Van de un infierno a otro, de la violencia extrema en el país de origen a la violencia en el país obligado a brindarles protección. La organización internacional Médicos Sin Fronteras (MSF) ha hecho público un informe en el que constata la crisis humanitaria que padecen los inmigrantes del triángulo norte de Centroamérica – El Salvador, Guatemala y Honduras – que, camino de Estados Unidos, quedan atrapados en México, a merced de la violencia de bandas criminales y de las agresivas políticas migratorias que les deniegan la protección a la que tienen derecho.

Una "combinación de barreras"  – reza el informe de la oenegé que lleva por título Sin Salida –  pone en peligro la salud física y mental de las personas. Un total de medio millar de inmigrantes y solicitantes de asilo centroamericanos han ofrecido su testimonio, así como el personal de MSF que atendió a más de 26.000 personas a lo largo de la ruta migratoria en los nueve primeros meses del 2019.

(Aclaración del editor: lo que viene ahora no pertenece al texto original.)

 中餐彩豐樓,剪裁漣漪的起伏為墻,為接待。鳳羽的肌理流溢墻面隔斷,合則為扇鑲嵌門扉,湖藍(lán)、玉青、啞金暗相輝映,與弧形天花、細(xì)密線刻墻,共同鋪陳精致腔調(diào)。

“Tras años de atención a población centroamericana en tránsito por México y con base en los testimonios y datos de nuestras consultas, tenemos claro que muchos de nuestros pacientes huyen desesperadamente de la violencia en sus países”, explica Sergio Martín, coordinador general de Médicos Sin Fronteras en México, que añade: “Necesitan protección, asistencia y la oportunidad de poder pedir asilo y, en lugar de esto, se enfrentan a más violencia en la ruta migratoria y se les prohíbe la estancia en los países donde podrían estar a salvo”. “Quedan atrapados y sin ninguna posibilidad de acceder a mecanismos de protección”, sentencia.

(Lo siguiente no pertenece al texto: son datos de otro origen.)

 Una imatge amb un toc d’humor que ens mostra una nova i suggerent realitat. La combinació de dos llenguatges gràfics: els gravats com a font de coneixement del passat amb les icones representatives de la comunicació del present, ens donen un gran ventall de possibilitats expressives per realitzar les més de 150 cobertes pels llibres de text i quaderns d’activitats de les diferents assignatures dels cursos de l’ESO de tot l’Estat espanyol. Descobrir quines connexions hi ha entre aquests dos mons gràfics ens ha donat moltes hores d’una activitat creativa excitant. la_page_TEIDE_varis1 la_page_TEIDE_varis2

La mitad de los entrevistados aseguran que la violencia ha motivado la salida de sus países. Una violencia que se reproduce en su vieje por México, sea como asalto, extorsión, agresión sexual o torturas. Una vez en territorio mexicano, las políticas migratorias basadas en la criminalización y la disuasión aplicadas por EEUU y el propio Estado mexicano incrementan todavía más, si cabe, los riesgos. Un dato del informe ilustra, por revelador, esta realidad: el 75% de los pacientes de MSF obligados a permanecer en la ciudad fronteriza de Nuevo Laredo relataron haber sido secuestrados durante días con el objetivo de extorsionarles.

La organización denuncia que las recientes medidas adoptadas por el Gobierno de EEUU y los acuerdos bilaterales entre los gobiernos de la región suponen el desmantelamiento de facto de las potíticas de protección. La creciente presión de EEUU ha conducido a un giro radical en las políticas migratorias de México. En el 2019, el Gobierno redujo drásticamente el número de visas humanitarias otorgadas.